*Your objective*
Copy, pictures aside: the lines below from the one that holds "whatsoever. Various international" through the final line of the listing, both ends included, exactly as they are and nothing else.

*Exercise data*
------------------------------------------------------------------------

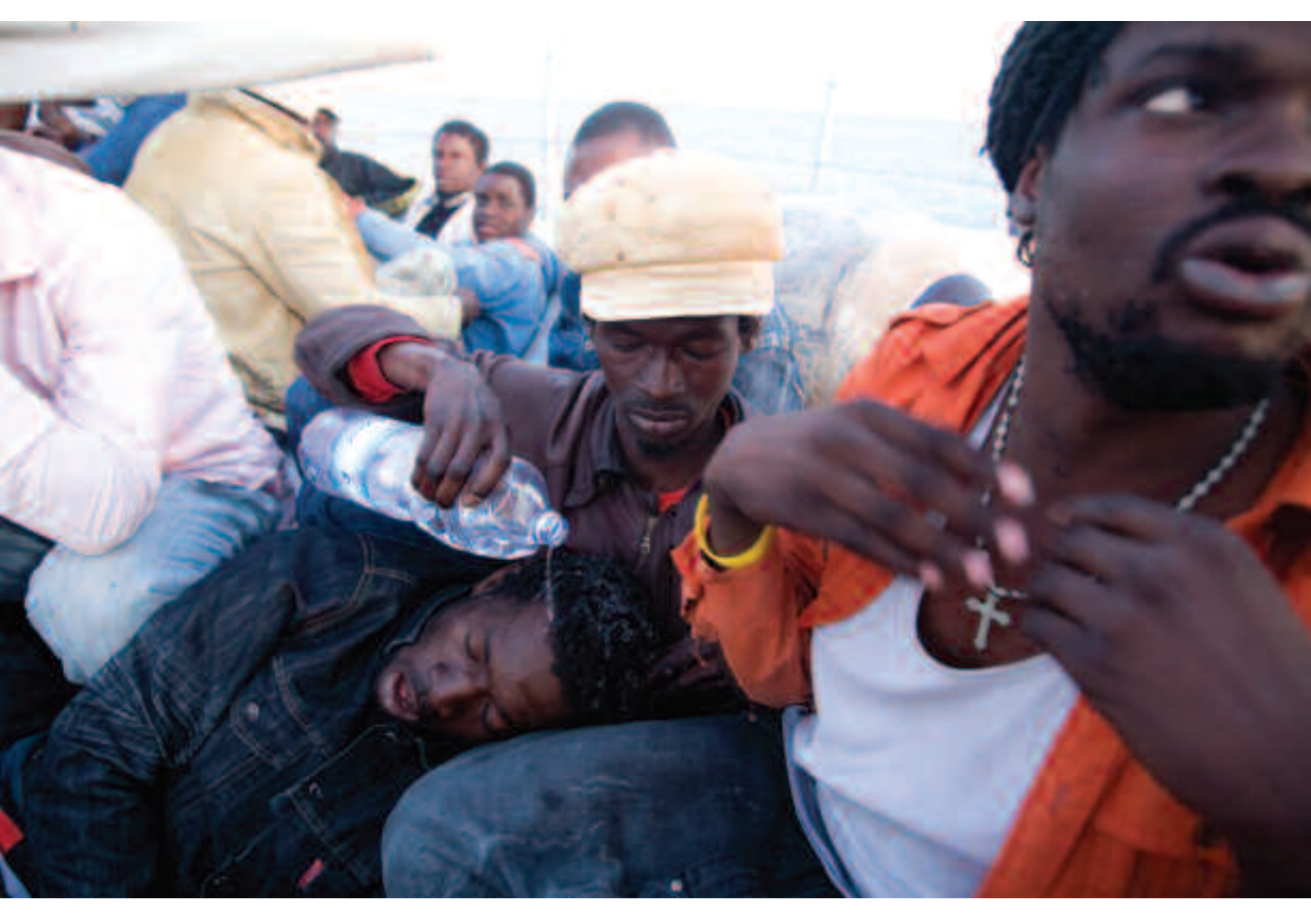
A man pours water over a dehydrated fellow migrant.

whatsoever. Various international conventions bar governments from committing refoulement—the forced return of people to places where their lives or freedom would be threatened or where they would face a risk of torture. The principle of nonrefoulement is a binding obligation in international human rights law and international refugee law, as well as European and Italian law, which also forbid Italy from returning people to places where they would face inhuman and degrading treatment.
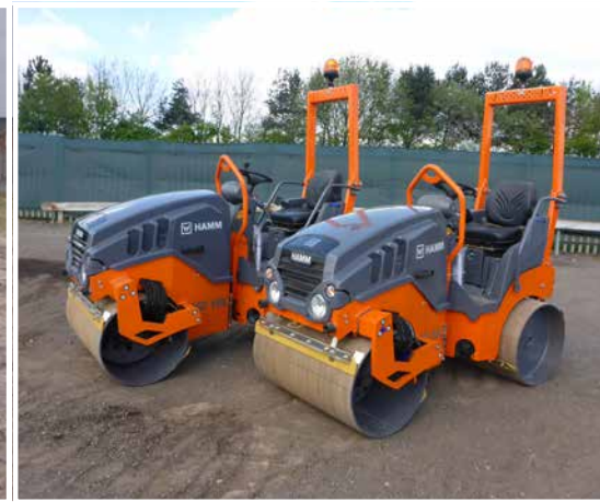
2 - UNUSED - 2017 HAMM HD10CVV

------------------------------------------------------------------------

*Task output*
whatsoever. Various international conventions bar governments from committing refoulement—the forced return of people to places where their lives or freedom would be threatened or where they would face a risk of torture. The principle of nonrefoulement is a binding obligation in international human rights law and international refugee law, as well as European and Italian law, which also forbid Italy from returning people to places where they would face inhuman and degrading treatment.
2 - UNUSED - 2017 HAMM HD10CVV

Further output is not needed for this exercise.